---
title: "Run your Pipeline"
output: rmarkdown::html_vignette
vignette: >
  %\VignetteIndexEntry{run-your-pipeline}
  %\VignetteEngine{knitr::rmarkdown}
  %\VignetteEncoding{UTF-8}
---

```{r, include = FALSE}
knitr::opts_chunk$set(
  collapse = TRUE,
  comment = "#>"
)
```

Once you have built your full specification blueprint and feel comfortable with how the pipeline is executed, you can implement a full multiverse-style analysis. 

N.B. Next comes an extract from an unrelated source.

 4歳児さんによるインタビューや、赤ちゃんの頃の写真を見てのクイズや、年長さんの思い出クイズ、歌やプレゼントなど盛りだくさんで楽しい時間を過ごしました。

Simply use `run_multiverse(<your expanded grid object>)`:

```{r setup, message=FALSE}
library(tidyverse)
library(multitool)

# create some data
the_data <-
  data.frame(
    id  = 1:500,
    iv1 = rnorm(500),
    iv2 = rnorm(500),
    iv3 = rnorm(500),
    mod = rnorm(500),
    dv1 = rnorm(500),
    dv2 = rnorm(500),
    include1 = rbinom(500, size = 1, prob = .1),
    include2 = sample(1:3, size = 500, replace = TRUE),
    include3 = rnorm(500)
  )

# create a pipeline blueprint
full_pipeline <- 
  the_data |>
  add_filters(include1 == 0, include2 != 3, include3 > -2.5) |> 
  add_variables(var_group = "ivs", iv1, iv2, iv3) |> 
  add_variables(var_group = "dvs", dv1, dv2) |> 
  add_model("linear model", lm({dvs} ~ {ivs} * mod))

# expand the pipeline
expanded_pipeline <- expand_decisions(full_pipeline)

# Run the multiverse
multiverse_results <- run_multiverse(expanded_pipeline)

multiverse_results
```

The result will be another `tibble` with various list columns. 

It will always contain a list column named `specifications` containing all the information you generated in your blueprint. Next, there will a list column for your fitted model fitted, labelled `model_fitted`. 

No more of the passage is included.